- REQUIREMENT -
Beginning with the line that contains "[흥미돋]브로콜리 데쳐먹지 마세요" and ending with the last line of the records, write out each line exactly and omit the pictures.

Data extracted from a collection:
━━━━━━━━━━━━━━━━
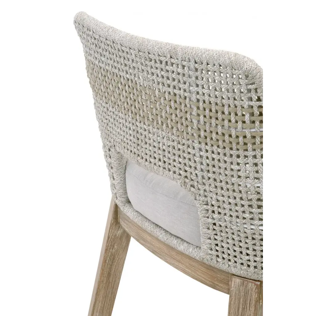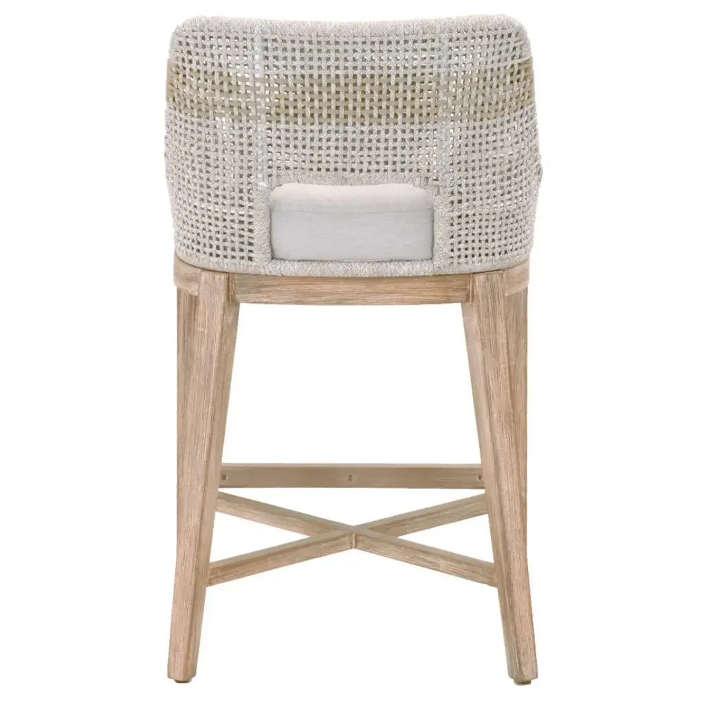 This woven counter stool will add a touch of coastal style to your kitchen, bar or dining room. Constructed with a stainless steel frame and solid mahogany legs, this stool is not only sturdy, but durable. A rich taupe and white colored rope is tightly woven with an eye-catching solid taupe stripe interwoven at the center of the seat back. The mahogany legs feature crossed leg stretchers, a front foot rest, and a beautiful distressed natural gray finish. Paired with an upholstered seat cushion affixed to the base, the stool provides comfort with style and will be the perfect addition to any transitional or traditional dining room or bar.
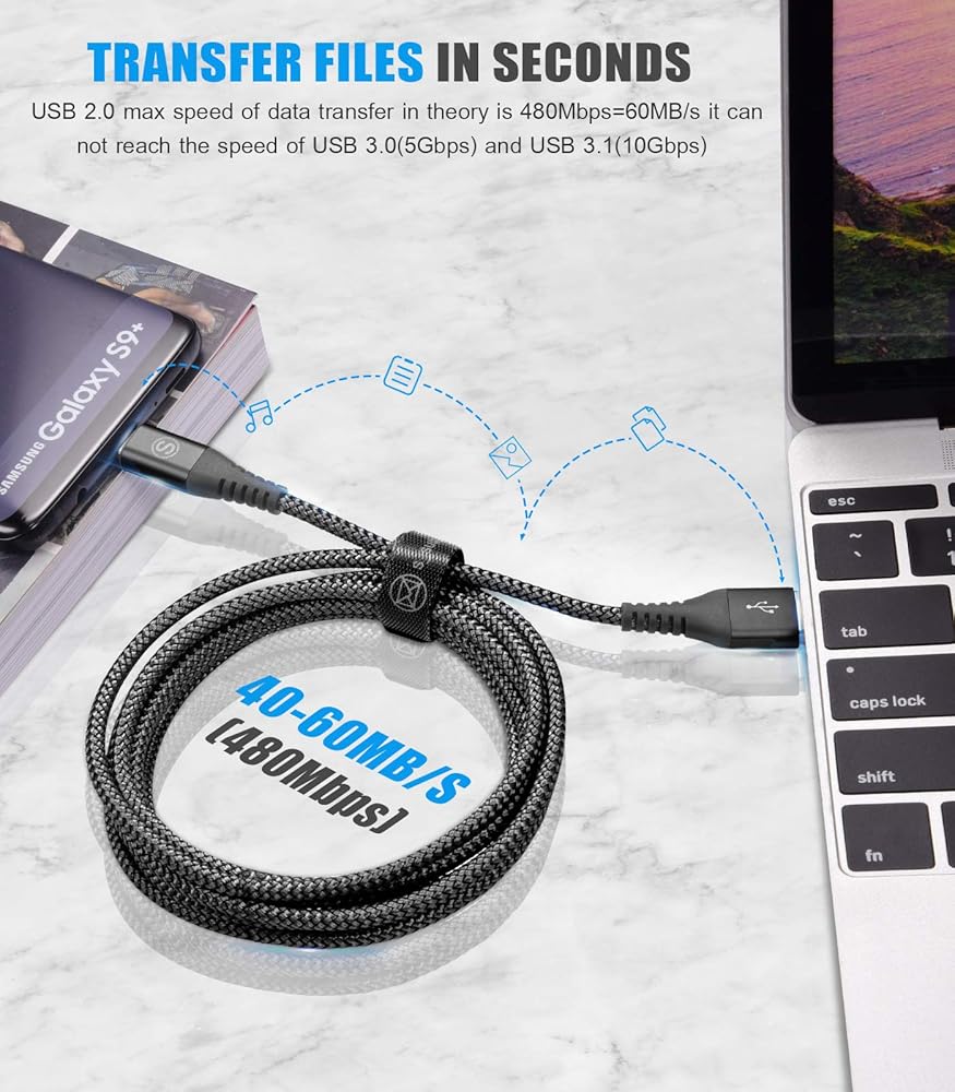 ⚡[سرعة الشحن والمزامنة السريعة المعتمدة 3.1 أمبير]: يدعم الشحن الآمن عالي السرعة حتى 3.1 أمبير ونقل البيانات بسرعة تصل إلى 480 ميجابت في الثانية. متوافق مع مواصفات USB Type C الإصدار 1.1، 56 كيلو أوم، مما يضمن شحنًا آمنًا.
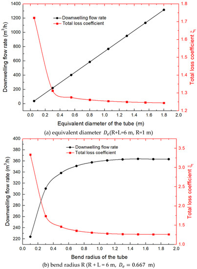 A bend radius that is too small causes a greater pressure drop at the bend. This increases the total loss coefficient and reduces the downwelling flow rate, which is unsatisfactory. As the bend radius changes from 0.1 to 1.9, the total loss coefficient increases by 61%, resulting in an increase of 62.5% in the downwelling flow rate. Similar to the way the tube diameter is determined, the bend radius of the tube should be reasonably large such that safety is guaranteed.
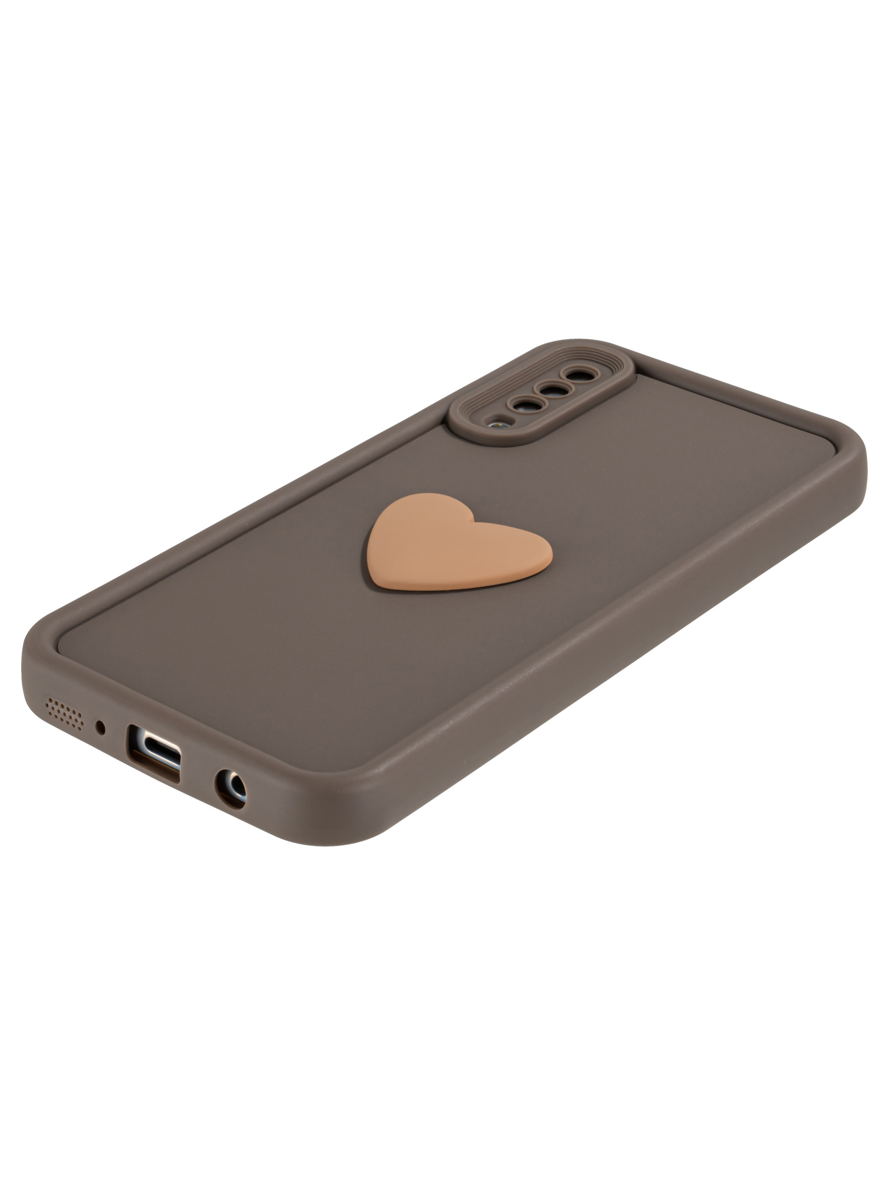 Силиконовый чехол с объемным сердцем от КейсБерри. Модуль камер максимально защищен. Все вырезы идеально подогнаны.
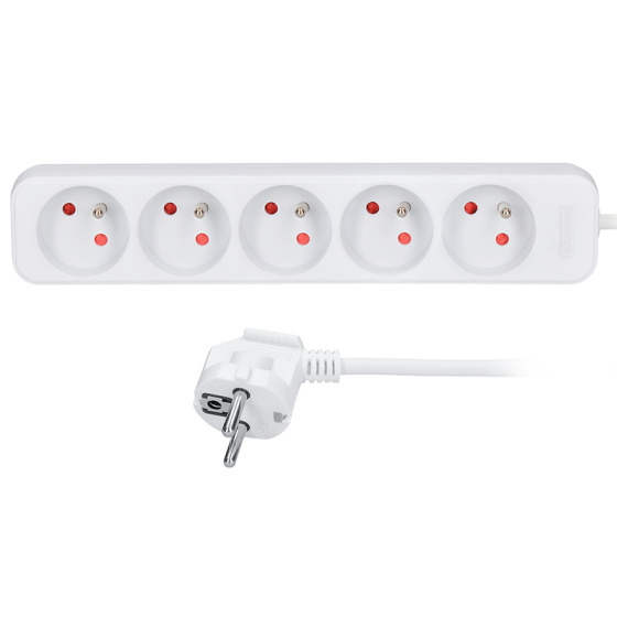 Počet zásuvek: 5, průřez vodičů: 3 x 1mm2, typ kabelu: H05VV-F3, lomená vidlice, barva: bílá.
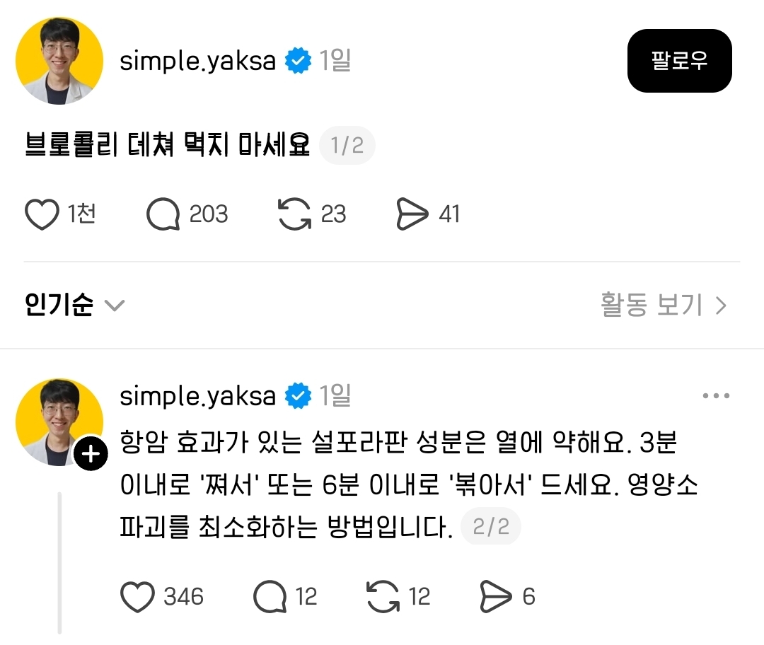 [흥미돋]브로콜리 데쳐먹지 마세요 작성자뽀도도|작성시간26.02.21|조회수33,190 목록 댓글 47 글자크기 작게가 글자크기 크게가 출처: https://www.threads.com/@simple.yaksa/post/DU9ztDJE5yq?xmt=AQF0RIZmG_04dI8zTT4hoiDW5ELetLu99xAwR5QNu22WG2IC4T5QsRDj4Gim_8kTUmTtsTos&slof=1 다음검색 현재 게시글 추가 기능 열기 북마크 공유하기 신고 센터로 신고 댓글 댓글 47 댓글쓰기 답글쓰기 댓글 리스트 작성자가랏 식인친칠라 | 작성시간 26.02.22 쟈갑다 작성자빵떡면 | 작성시간 26.02.22 맛도없는게 거 존나게 귀찮게구네 작성자퐁당퐁당쇼콜라 | 작성시간 26.02.22 벌레 많대서 세척 잘 해야 한담서요.. 그것부터가 너무나 진입장벽... 작성자Love wins all | 작성시간 26.02.22 아존나웃겨 초장발사대 ㅇㅈ 작성자언니 나 사랑하는 개가 생겼어 | 작성시간 26.02.22 근데 데치고 찌고 볶고 다 열아냐??👀 댓글 전체보기
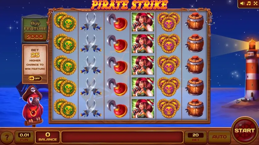 Prova la slot online Pirate Strike gratis in modalità demo, senza download o registrazione.
━━━━━━━━━━━━━━━━
- THE ANSWER -
 [흥미돋]브로콜리 데쳐먹지 마세요 작성자뽀도도|작성시간26.02.21|조회수33,190 목록 댓글 47 글자크기 작게가 글자크기 크게가 출처: https://www.threads.com/@simple.yaksa/post/DU9ztDJE5yq?xmt=AQF0RIZmG_04dI8zTT4hoiDW5ELetLu99xAwR5QNu22WG2IC4T5QsRDj4Gim_8kTUmTtsTos&slof=1 다음검색 현재 게시글 추가 기능 열기 북마크 공유하기 신고 센터로 신고 댓글 댓글 47 댓글쓰기 답글쓰기 댓글 리스트 작성자가랏 식인친칠라 | 작성시간 26.02.22 쟈갑다 작성자빵떡면 | 작성시간 26.02.22 맛도없는게 거 존나게 귀찮게구네 작성자퐁당퐁당쇼콜라 | 작성시간 26.02.22 벌레 많대서 세척 잘 해야 한담서요.. 그것부터가 너무나 진입장벽... 작성자Love wins all | 작성시간 26.02.22 아존나웃겨 초장발사대 ㅇㅈ 작성자언니 나 사랑하는 개가 생겼어 | 작성시간 26.02.22 근데 데치고 찌고 볶고 다 열아냐??👀 댓글 전체보기
 Prova la slot online Pirate Strike gratis in modalità demo, senza download o registrazione.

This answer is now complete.